(Data records)
#####
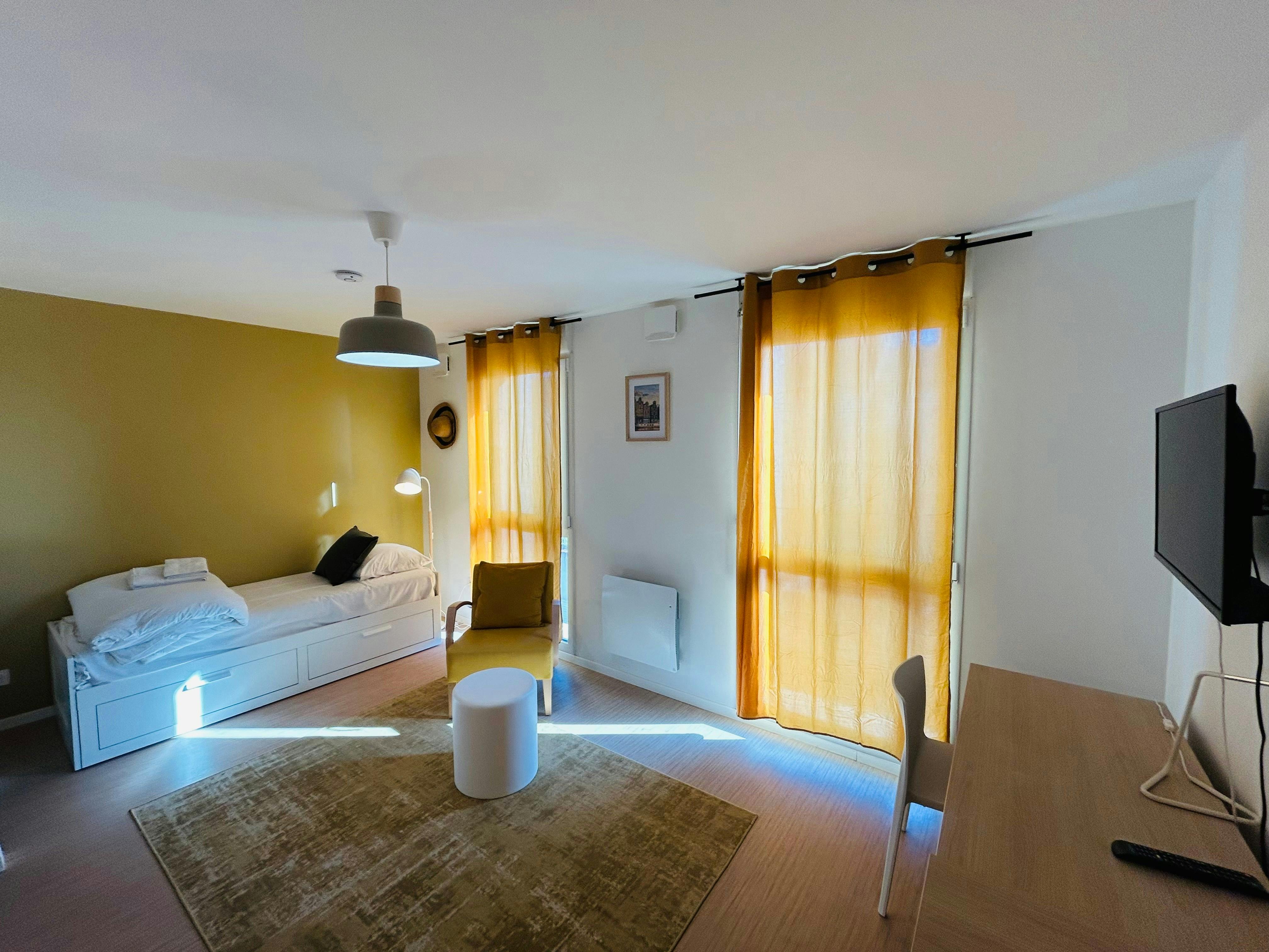 We offer this superb furnished studio in a new building, ideally located in the city center of Reims. Perfect for short, medium, or long stays, this studio offers modern comfort with all amenities included.
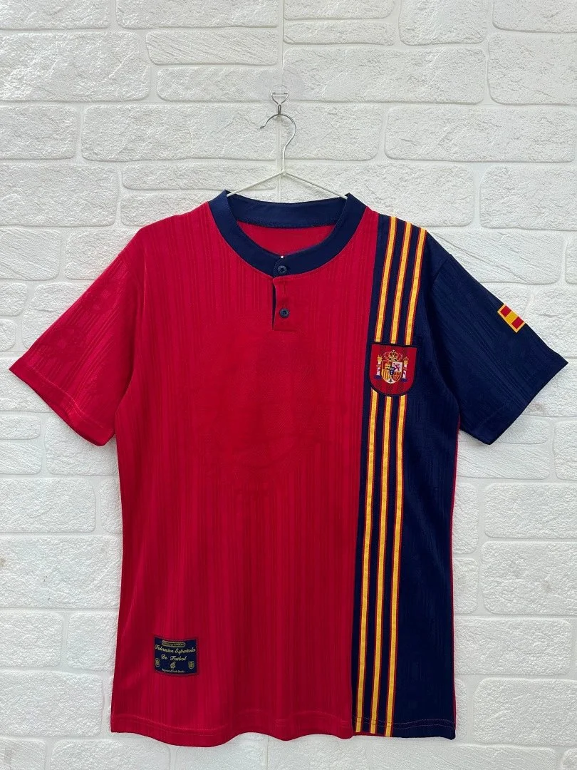 Adidas Spain Retro Red Jersey Stylish in the Litbuy spreadsheet.This is an Adidas Spain national team retro – style football jersey. The classic red body with navy blue sleeves gives it a striking look. The yellow stripes running down the side add a touch of elegance. The iconic Spanish crest on the chest shows your support for the team. Made with quality materials, it’s comfortable for both playing football and casual wear. Show your love for Spanish football with this stylish and unique jersey.
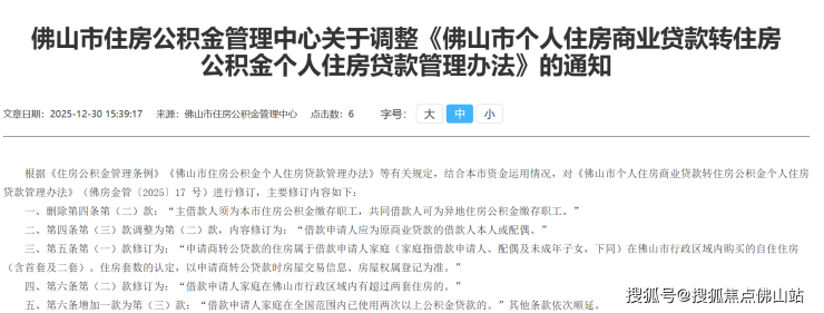 12月30日,佛山市住房公积金管理中心关于调整《佛山市个人住房商业贷款转住房公积金个人住房贷款管理办法》的通知。
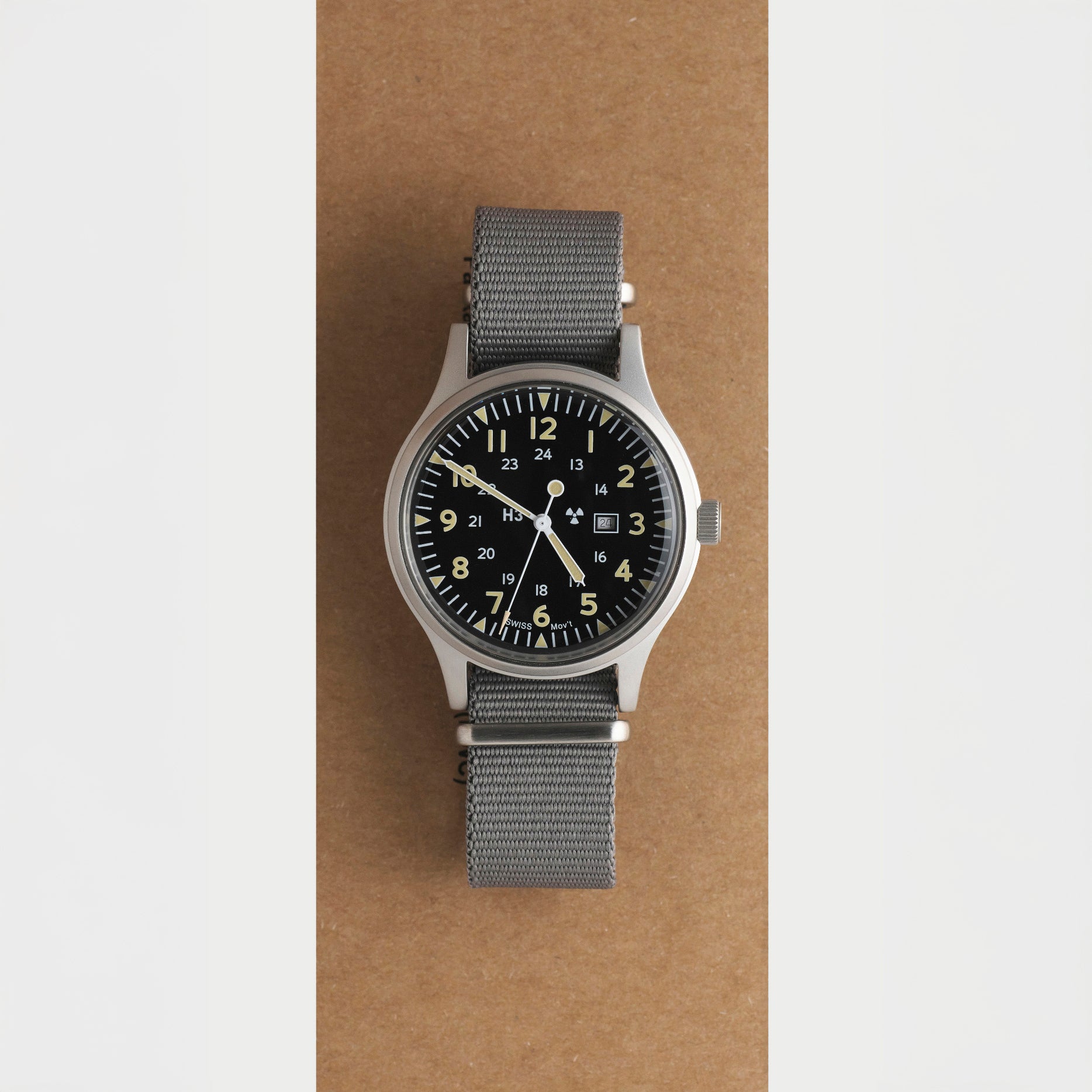 ミルスペック仕様のミリタリーウォッチをベースに現代仕様にアップデートした腕時計を提案しています。
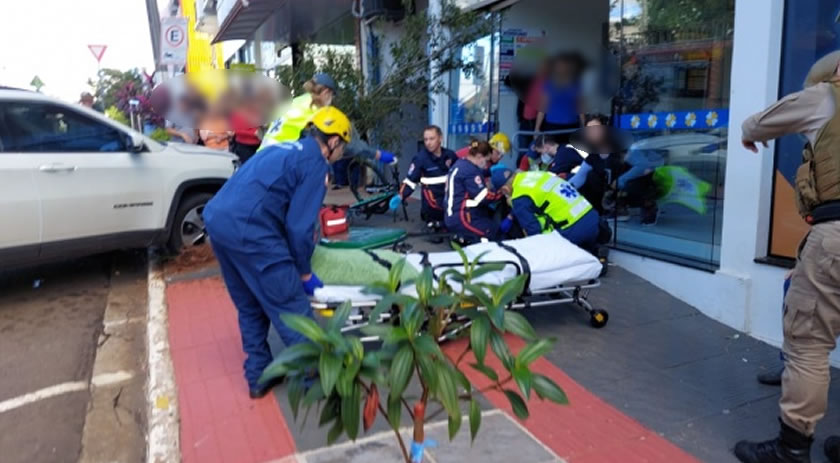Um veículo acabou subindo a calçada e atropelou pelo menos duas pessoas que estavam no local, por volta das 15h30 de quinta-feira (5), na Rua Santos Dumont, em frente a uma lotérica, no centro de São Miguel do Oeste.
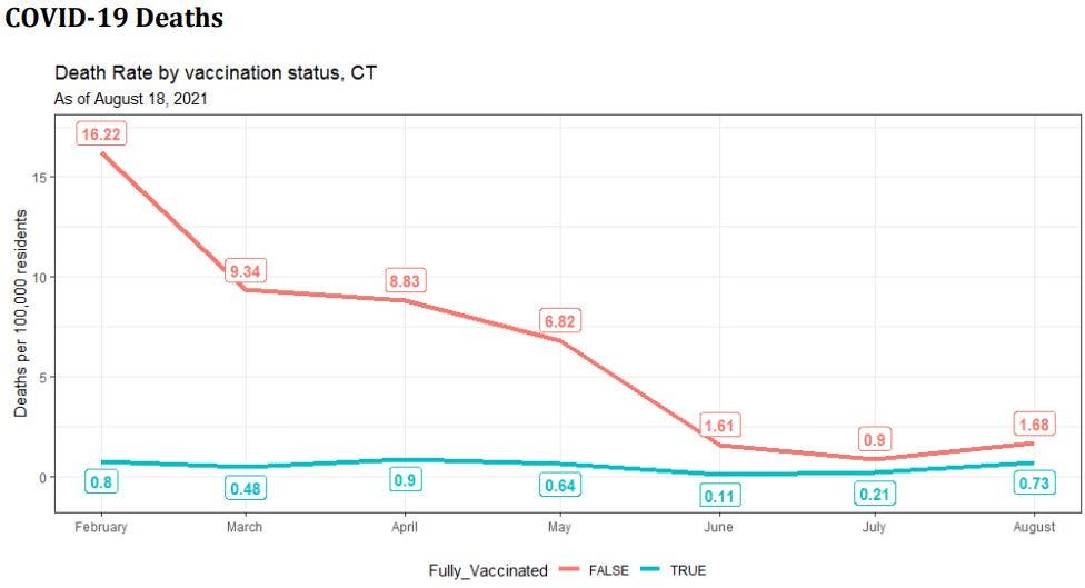 Although coronavirus deaths in Connecticut have declined markedly since February, it is important to note that death — and hospitalization — rates have consistently been higher among unvaccinated persons compared to fully vaccinated persons.
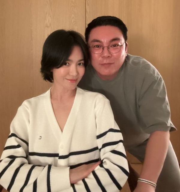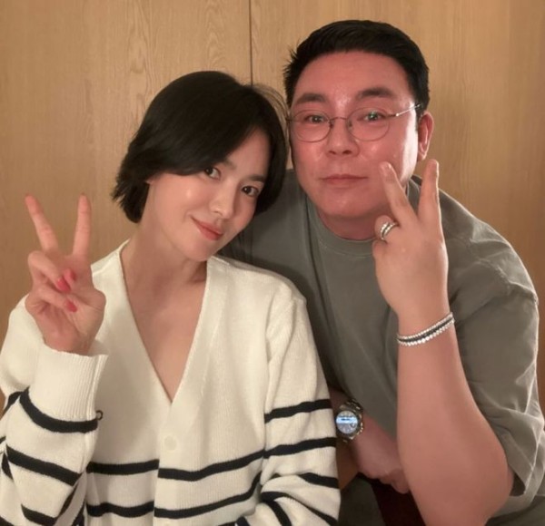 照片中的宋慧乔坐在椅子上,好友站在她的身后,俯下身跟她一起拍照,两人对着镜头比耶拍照,看起来心情很不错的样子。有粉丝注意到,比起之前,宋慧乔的头发似乎又长长了一些。
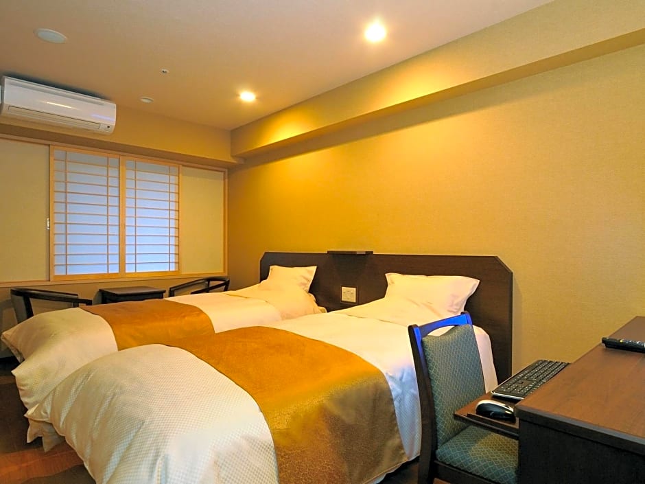 Featuring free toiletries, this twin room includes a shared bathroom with a bidet. The twin room features tatami, a safe deposit box, an electric kettle, heating and a flat-screen TV. The unit has 2 futons.
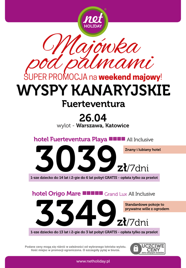 Majówka pod palmami SUPER PROMOCJA na weekend majowy! WYSPY KANARYJSKIE Fuerteventura 26.04 wylot - Warszawa, Katowice hotel Fuerteventura Playa 3039 3349 All Inclusive Znany i lubiany hotel zł/7dni 1-sze dziecko do 14 lat i 2-gie do 6 lat pobyt GRATIS - opłata tylko za przelot hotel Origo Mare Grand Lux All Inclusive Standardowe pokoje to prywatne wille z ogrodem zł/7dni 1-sze dziecko do 13 lat i 2-gie do 3 lat pobyt GRATIS - opłata tylko za przelot Podane ceny mogą się różnić w zależności od wybranego lotniska wylotu. Ilość miejsc w promocji ograniczona. O szczegóły pytaj w biurze. www.netholiday.pl Majówka pod palmami SUPER PROMOCJA na weekend majowy! WYSPY KANARYJSKIE Teneryfa 30.04 wylot - Warszawa, Katowice hotel Blue Sea Lagos de Cesar 2899 3199 All Inclusive W pobliżu słynne klify Los Gigantes zł/7dni 1-sze dziecko do 13 lat pobyt GRATIS - opłata tylko za przelot hotel Aguamarina Golf All Inclusive Duże zaplecze rekreacyjne zł/7dni 1-sze dziecko do 14 lat i 2-gie do 6 lat pobyt GRATIS - opłata tylko za przelot Podane ceny mogą się różnić w zależności od wybranego lotniska wylotu. Ilość miejsc w promocji ograniczona. O szczegóły pytaj w biurze. www.netholiday.pl Majówka pod palmami SUPER PROMOCJA na weekend majowy! GRECJA Kreta 26.04 wylot - Warszawa, Katowice hotel Themis Beach 1999 2179 All Inclusive Przy pięknej piaszczystej plaży zł/7dni 1-sze dziecko do 14 lat i 2-gie do 14 lat pobyt GRATIS - opłata tylko za przelot hotel Peninsula All Inclusive Przpiękne położenie zł/7dni 1-sze dziecko do 14 lat i 2-gie do 6 lat pobyt GRATIS - opłata tylko za przelot Podane ceny mogą się różnić w zależności od wybranego lotniska wylotu. Ilość miejsc w promocji ograniczona. O szczegóły pytaj w biurze. www.netholiday.pl Majówka pod palmami SUPER PROMOCJA na weekend majowy! GRECJA Rodos 27.04 wylot - Warszawa, Katowice hotel Anavadia All Inclusive 1899 2099 Odnowiony w 2014 roku zł/7dni 1-sze dziecko do 13 lat i 2-gie do 13 lat pobyt GRATIS - opłata tylko za przelot hotel Smartline Kolymbia Star All Inclusive Nowy Aqua Park w hotelu zł/7dni 1-sze dziecko do 14 lat i 2-gie do 14 lat pobyt GRATIS - opłata tylko za przelot Podane ceny mogą się różnić w zależności od wybranego lotniska wylotu. Ilość miejsc w promocji ograniczona. O szczegóły pytaj w biurze. www.netholiday.pl Majówka pod palmami SUPER PROMOCJA na weekend majowy! GRECJA Zakynthos 01.05 wylot - Warszawa, Katowice hotel Admiral Tsilivi All Inclusive 1999 Wstęp do Aqua Parku GRATIS zł/7dni 1-sze dziecko do 14 lat pobyt GRATIS - opłata tylko za przelot Podane ceny mogą się różnić w zależności od wybranego lotniska wylotu. Ilość miejsc w promocji ograniczona. O szczegóły pytaj w biurze. www.netholiday.pl Majówka pod palmami SUPER PROMOCJA na weekend majowy! WŁOCHY Sycylia 26.04 wylot - Warszawa, Katowice hotel Admiral Tsilivi All Inclusive 1999 Bezpośrednio przy „Karaibskiej” plaży z białym piaskiem - bezpłatne leżaki i parasole zł/7dni 1-sze dziecko do 14 lat i 2-gie do 6 lat pobyt GRATIS - opłata tylko za przelot Podane ceny mogą się różnić w zależności od wybranego lotniska wylotu. Ilość miejsc w promocji ograniczona. O szczegóły pytaj w biurze. www.netholiday.pl Majówka pod palmami SUPER PROMOCJA na weekend majowy! TUNEZJA 30.04 wylot - Warszawa, Katowice hotel Ramada Liberty Resort 1659 1899 All Inclusive All Inclusive na plaży zł/7dni 1-sze dziecko do 12 lat pobyt GRATIS - opłata tylko za przelot hotel Framissima Regency All Inclusive Bogaty program animacyjny zł/7dni 1-sze dziecko do 12 lat pobyt GRATIS - opłata tylko za przelot Podane ceny mogą się różnić w zależności od wybranego lotniska wylotu. Ilość miejsc w promocji ograniczona. O szczegóły pytaj w biurze. www.netholiday.pl Majówka pod palmami SUPER PROMOCJA na weekend majowy! MAROKO 01.05 wylot - Warszawa, Katowice hotel Beach Albatros 2499 2229 All Inclusive Znakomite All Inclusive zł/7dni 1-sze dziecko do 12 lat pobyt GRATIS - opłata tylko za przelot wycieczka Cesarskie Miasta HB - śniadania i obiadokolacje Sprawdzony program zwiedzania zł/7dni Kameralne grupy - zwiedzanie bez pośpiechu Podane ceny mogą się różnić w zależności od wybranego lotniska wylotu. Ilość miejsc w promocji ograniczona. O szczegóły pytaj w biurze. www.netholiday.pl Majówka pod palmami SUPER PROMOCJA na weekend majowy! TURCJA Alanya 29.04 wylot - Warszawa, Katowice hotel Oba Time All Inclusive 1649 1999 Blisko centrum Alanii zł/7dni 1-sze dziecko do 13 lat pobyt GRATIS - opłata tylko za przelot hotel Kahya Resort Aqua & Spa All Inclusive Aqua Park w hotelu zł/7dni 1-sze dziecko do 13 lat i 2-gie do 7 lat pobyt GRATIS - opłata tylko za przelot Podane ceny mogą się różnić w zależności od wybranego lotniska wylotu. Ilość miejsc w promocji ograniczona. O szczegóły pytaj w biurze. www.netholiday.pl
#####
PROBLEM REQUIREMENTS: An exact transcription of the records above is needed, with no pictures included.

RESPONSE BOX:
 We offer this superb furnished studio in a new building, ideally located in the city center of Reims. Perfect for short, medium, or long stays, this studio offers modern comfort with all amenities included.
 Adidas Spain Retro Red Jersey Stylish in the Litbuy spreadsheet.This is an Adidas Spain national team retro – style football jersey. The classic red body with navy blue sleeves gives it a striking look. The yellow stripes running down the side add a touch of elegance. The iconic Spanish crest on the chest shows your support for the team. Made with quality materials, it’s comfortable for both playing football and casual wear. Show your love for Spanish football with this stylish and unique jersey.
 12月30日,佛山市住房公积金管理中心关于调整《佛山市个人住房商业贷款转住房公积金个人住房贷款管理办法》的通知。
 ミルスペック仕様のミリタリーウォッチをベースに現代仕様にアップデートした腕時計を提案しています。
Um veículo acabou subindo a calçada e atropelou pelo menos duas pessoas que estavam no local, por volta das 15h30 de quinta-feira (5), na Rua Santos Dumont, em frente a uma lotérica, no centro de São Miguel do Oeste.
 Although coronavirus deaths in Connecticut have declined markedly since February, it is important to note that death — and hospitalization — rates have consistently been higher among unvaccinated persons compared to fully vaccinated persons.
 照片中的宋慧乔坐在椅子上,好友站在她的身后,俯下身跟她一起拍照,两人对着镜头比耶拍照,看起来心情很不错的样子。有粉丝注意到,比起之前,宋慧乔的头发似乎又长长了一些。
 Featuring free toiletries, this twin room includes a shared bathroom with a bidet. The twin room features tatami, a safe deposit box, an electric kettle, heating and a flat-screen TV. The unit has 2 futons.
 Majówka pod palmami SUPER PROMOCJA na weekend majowy! WYSPY KANARYJSKIE Fuerteventura 26.04 wylot - Warszawa, Katowice hotel Fuerteventura Playa 3039 3349 All Inclusive Znany i lubiany hotel zł/7dni 1-sze dziecko do 14 lat i 2-gie do 6 lat pobyt GRATIS - opłata tylko za przelot hotel Origo Mare Grand Lux All Inclusive Standardowe pokoje to prywatne wille z ogrodem zł/7dni 1-sze dziecko do 13 lat i 2-gie do 3 lat pobyt GRATIS - opłata tylko za przelot Podane ceny mogą się różnić w zależności od wybranego lotniska wylotu. Ilość miejsc w promocji ograniczona. O szczegóły pytaj w biurze. www.netholiday.pl Majówka pod palmami SUPER PROMOCJA na weekend majowy! WYSPY KANARYJSKIE Teneryfa 30.04 wylot - Warszawa, Katowice hotel Blue Sea Lagos de Cesar 2899 3199 All Inclusive W pobliżu słynne klify Los Gigantes zł/7dni 1-sze dziecko do 13 lat pobyt GRATIS - opłata tylko za przelot hotel Aguamarina Golf All Inclusive Duże zaplecze rekreacyjne zł/7dni 1-sze dziecko do 14 lat i 2-gie do 6 lat pobyt GRATIS - opłata tylko za przelot Podane ceny mogą się różnić w zależności od wybranego lotniska wylotu. Ilość miejsc w promocji ograniczona. O szczegóły pytaj w biurze. www.netholiday.pl Majówka pod palmami SUPER PROMOCJA na weekend majowy! GRECJA Kreta 26.04 wylot - Warszawa, Katowice hotel Themis Beach 1999 2179 All Inclusive Przy pięknej piaszczystej plaży zł/7dni 1-sze dziecko do 14 lat i 2-gie do 14 lat pobyt GRATIS - opłata tylko za przelot hotel Peninsula All Inclusive Przpiękne położenie zł/7dni 1-sze dziecko do 14 lat i 2-gie do 6 lat pobyt GRATIS - opłata tylko za przelot Podane ceny mogą się różnić w zależności od wybranego lotniska wylotu. Ilość miejsc w promocji ograniczona. O szczegóły pytaj w biurze. www.netholiday.pl Majówka pod palmami SUPER PROMOCJA na weekend majowy! GRECJA Rodos 27.04 wylot - Warszawa, Katowice hotel Anavadia All Inclusive 1899 2099 Odnowiony w 2014 roku zł/7dni 1-sze dziecko do 13 lat i 2-gie do 13 lat pobyt GRATIS - opłata tylko za przelot hotel Smartline Kolymbia Star All Inclusive Nowy Aqua Park w hotelu zł/7dni 1-sze dziecko do 14 lat i 2-gie do 14 lat pobyt GRATIS - opłata tylko za przelot Podane ceny mogą się różnić w zależności od wybranego lotniska wylotu. Ilość miejsc w promocji ograniczona. O szczegóły pytaj w biurze. www.netholiday.pl Majówka pod palmami SUPER PROMOCJA na weekend majowy! GRECJA Zakynthos 01.05 wylot - Warszawa, Katowice hotel Admiral Tsilivi All Inclusive 1999 Wstęp do Aqua Parku GRATIS zł/7dni 1-sze dziecko do 14 lat pobyt GRATIS - opłata tylko za przelot Podane ceny mogą się różnić w zależności od wybranego lotniska wylotu. Ilość miejsc w promocji ograniczona. O szczegóły pytaj w biurze. www.netholiday.pl Majówka pod palmami SUPER PROMOCJA na weekend majowy! WŁOCHY Sycylia 26.04 wylot - Warszawa, Katowice hotel Admiral Tsilivi All Inclusive 1999 Bezpośrednio przy „Karaibskiej” plaży z białym piaskiem - bezpłatne leżaki i parasole zł/7dni 1-sze dziecko do 14 lat i 2-gie do 6 lat pobyt GRATIS - opłata tylko za przelot Podane ceny mogą się różnić w zależności od wybranego lotniska wylotu. Ilość miejsc w promocji ograniczona. O szczegóły pytaj w biurze. www.netholiday.pl Majówka pod palmami SUPER PROMOCJA na weekend majowy! TUNEZJA 30.04 wylot - Warszawa, Katowice hotel Ramada Liberty Resort 1659 1899 All Inclusive All Inclusive na plaży zł/7dni 1-sze dziecko do 12 lat pobyt GRATIS - opłata tylko za przelot hotel Framissima Regency All Inclusive Bogaty program animacyjny zł/7dni 1-sze dziecko do 12 lat pobyt GRATIS - opłata tylko za przelot Podane ceny mogą się różnić w zależności od wybranego lotniska wylotu. Ilość miejsc w promocji ograniczona. O szczegóły pytaj w biurze. www.netholiday.pl Majówka pod palmami SUPER PROMOCJA na weekend majowy! MAROKO 01.05 wylot - Warszawa, Katowice hotel Beach Albatros 2499 2229 All Inclusive Znakomite All Inclusive zł/7dni 1-sze dziecko do 12 lat pobyt GRATIS - opłata tylko za przelot wycieczka Cesarskie Miasta HB - śniadania i obiadokolacje Sprawdzony program zwiedzania zł/7dni Kameralne grupy - zwiedzanie bez pośpiechu Podane ceny mogą się różnić w zależności od wybranego lotniska wylotu. Ilość miejsc w promocji ograniczona. O szczegóły pytaj w biurze. www.netholiday.pl Majówka pod palmami SUPER PROMOCJA na weekend majowy! TURCJA Alanya 29.04 wylot - Warszawa, Katowice hotel Oba Time All Inclusive 1649 1999 Blisko centrum Alanii zł/7dni 1-sze dziecko do 13 lat pobyt GRATIS - opłata tylko za przelot hotel Kahya Resort Aqua & Spa All Inclusive Aqua Park w hotelu zł/7dni 1-sze dziecko do 13 lat i 2-gie do 7 lat pobyt GRATIS - opłata tylko za przelot Podane ceny mogą się różnić w zależności od wybranego lotniska wylotu. Ilość miejsc w promocji ograniczona. O szczegóły pytaj w biurze. www.netholiday.pl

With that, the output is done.